Wir beschliessen, dass Julie mit Nic geht. Ich kreuze im Hotel besser alleine auf. Es ist ein 5-Stern-Hotel, die lassen nicht jeden herein. Es hat mich erstaunt, dass ich dort eine Lehrstelle gefunden habe, mit meiner Vergangenheit. Mir ist heute noch nicht klar, warum. Nach der Schule habe ich zuerst eine Malerlehre begonnen, weil ich gerne zeichne. Ich wusste zwar, dass Wände streichen nicht das Gleiche ist, aber die Kunstschule konnte ich vergessen. Dafür muss man zuerst ins Gymnasium. Keine Ahnung, warum. Für Mam war immer klar, dass ich die Matura machen würde. Sie hat sich nur nie überlegt, dass man dafür ziemlich schlau sein muss, so wie Julie. Als mein Lehrer sagte, dass ich mit meinen Vornoten keine Chance hätte, die Aufnahmeprüfung zu bestehen, engagierte Mam einen Privatlehrer. Stundenlang musste ich mit ihm pauken. Zum Glück sah der Typ bald ein, dass es aussichtslos war. Mich interessieren Gleichungen oder die Kriege der Römer einfach nicht. Ich will auch keine Bücher lesen, in denen sich die Sätze über ganze Seiten erstrecken. Wenn ich am Schluss ankomme, habe ich den Anfang längst vergessen.
Ich fand eine Lehrstelle als Maler und dachte, ich hätte das grosse Los gezogen. Aber ich war nach der Arbeit jeweils so fertig, dass ich morgens regelmässig zu spät kam. Gemalt habe ich nicht viel. Ich musste hauptsächlich Farbkübel schleppen und Böden abdecken. Nach zwei Monaten gab ich auf. Ich erinnere mich noch genau an den Tag. Auf dem Weg zur Arbeit hörte ich die «Gorillaz». «I’m happy, I’m feeling glad», sangen sie entspannt, während ich vor Frust kaum die Füsse heben konnte. Ich drehte mir einen Joint, und schon nach einigen Zügen fühlte ich mich wie in Watte gepackt. Klar ist es Scheisse, sich mit Drogen zuzudröhnen. Ich bin nicht stolz darauf, dass ich keinen anderen Ausweg sah. Als die «Gorillaz» von der Zukunft zu schwärmen begannen, sah ich das Leben plötzlich mit anderen Augen. «I’m useless, but not for long, a future is coming on.» An der Stelle, wo es hiess: «Finally someone let me out of my cage», blieb ich stehen. Ich wollte auch aus meinem Käfig heraus. Mam bekam fast einen Herzinfarkt, als mein Chef anrief und sagte, ich sei nicht zur Arbeit erschienen.

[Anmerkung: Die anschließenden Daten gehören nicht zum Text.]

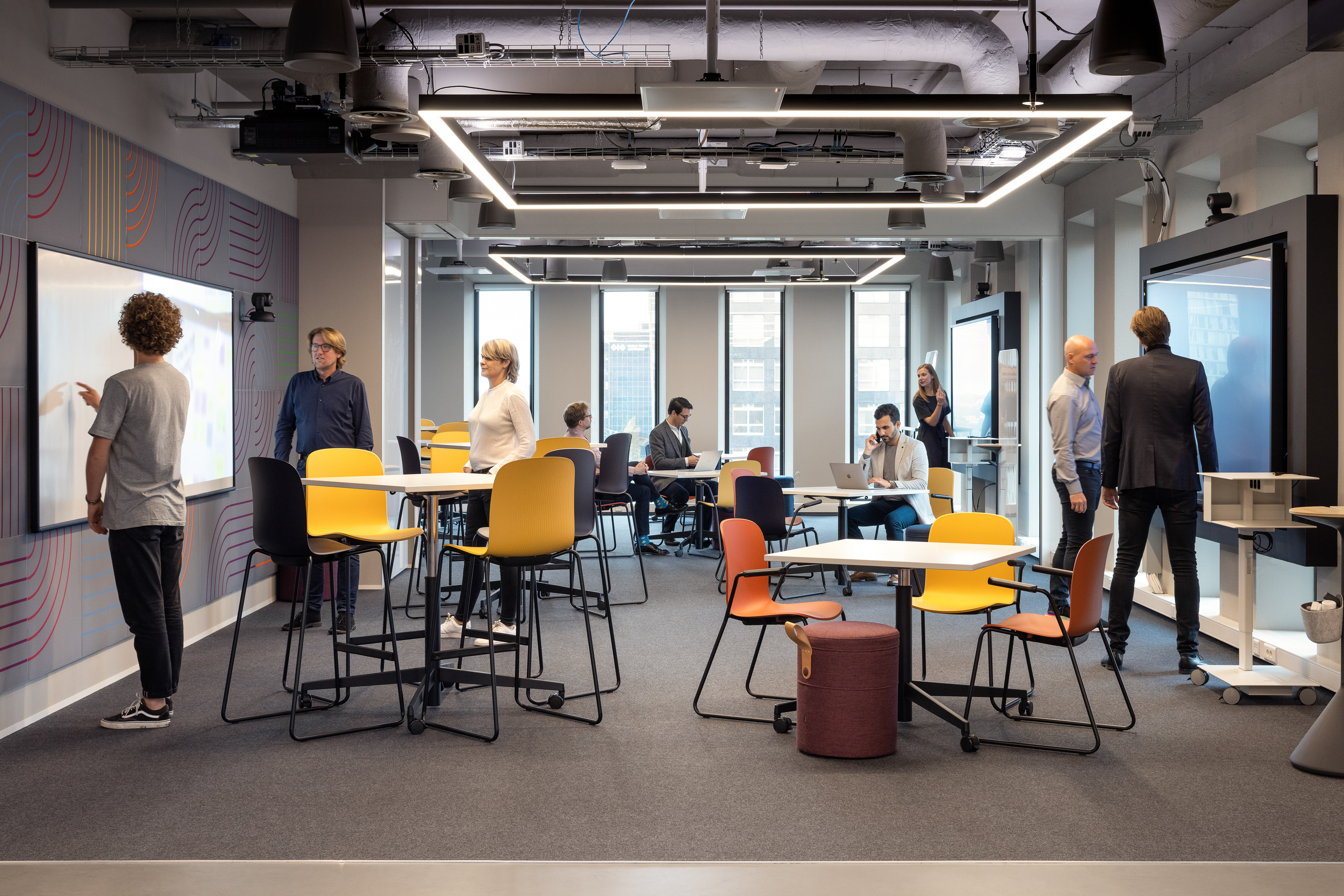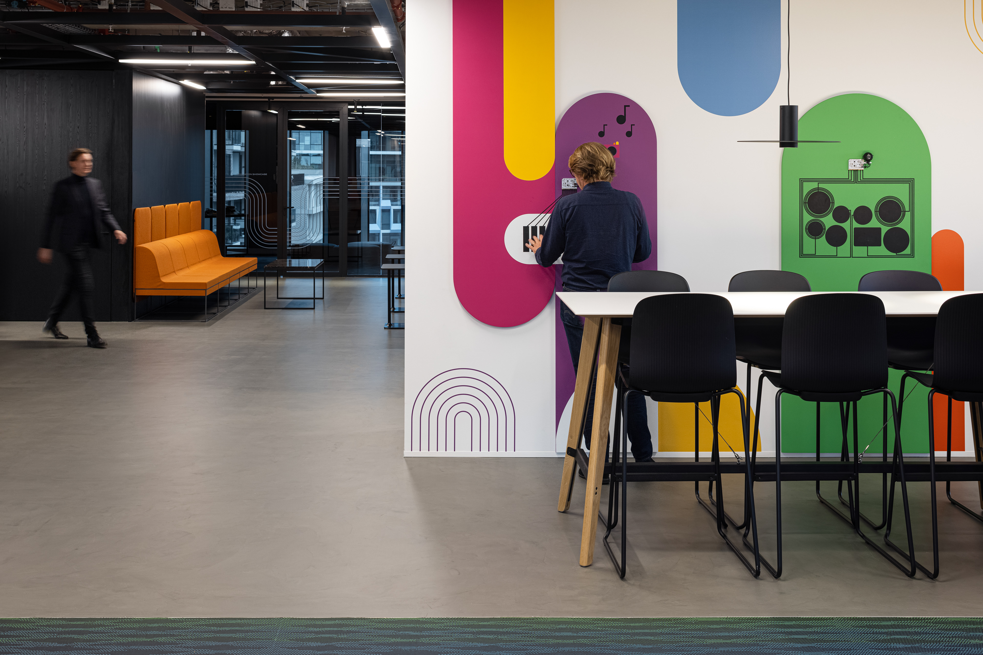 The goal was to design a distinctive, customer-facing environment that enables TCS’s clients for rapid transformation and innovation. Experiences reflect each step of the customer engagement: Explore, Engage, and Execute. Embodying the TCS Pace brand, a highly flexible space which is partly reconfigurable supports distributed agile ways of working. The centre includes 4 key design features: The Innovation Showcase, Agile Development Labs, Collaboration and Think Space and the Maker Space.

Die nächsten Monate wurde es zu Hause recht ungemütlich. Ich hing immer öfters mit einem Kollegen ab, den ich von früher kannte. Als wir es satt hatten, uns nichts leisten zu können, kam Timon auf die Idee mit den Einbrüchen. Zuerst fand ich es toll, so viel Bares zu haben. Doch Timon ging immer grössere Risiken ein. Ausserdem kümmerte es ihn nicht, wenn andere auf der Strecke blieben. Als er eine Katze in den Kühlschrank sperrte, wollte ich aussteigen. Da drohte er, mich fertigzumachen. Kurz darauf wurden wir erwischt. Timon steckten sie in ein Erziehungsheim. Seither habe ich nichts mehr von ihm gehört. Er ist einfach verschwunden, wie das Badewasser, wenn man den Stöpsel zieht. Lily ist jedesmal völlig überrascht. Aber ich weiss, dass das Wasser irgendwo wieder rauskommt. Timon wird wieder auftauchen.
Ich bin schon fast beim Hotel, als Leo anruft. «Hey, Indianer, good news! Ich hab die Adresse!»
«Echt?»
«Seid ihr noch am Bahnhof?»
«Bin auf dem Weg ins Hotel.» Ich erzähle ihm, dass wir nur noch 680 Franken brauchen.
«Wo sind Julie und Nic?»
«Im Zweier.»
«Warum? Wo fahren sie hin?»
«Nic kennt einen Typen, der entlassen wurde und Kohle hat.»
Am anderen Ende ist es still.
Ich will schon fragen, ob Leo noch dran ist, als er losschreit: «Du hast die Mädchen zu einem Ex-Knasti geschickt? Alleine? Spinnst du?»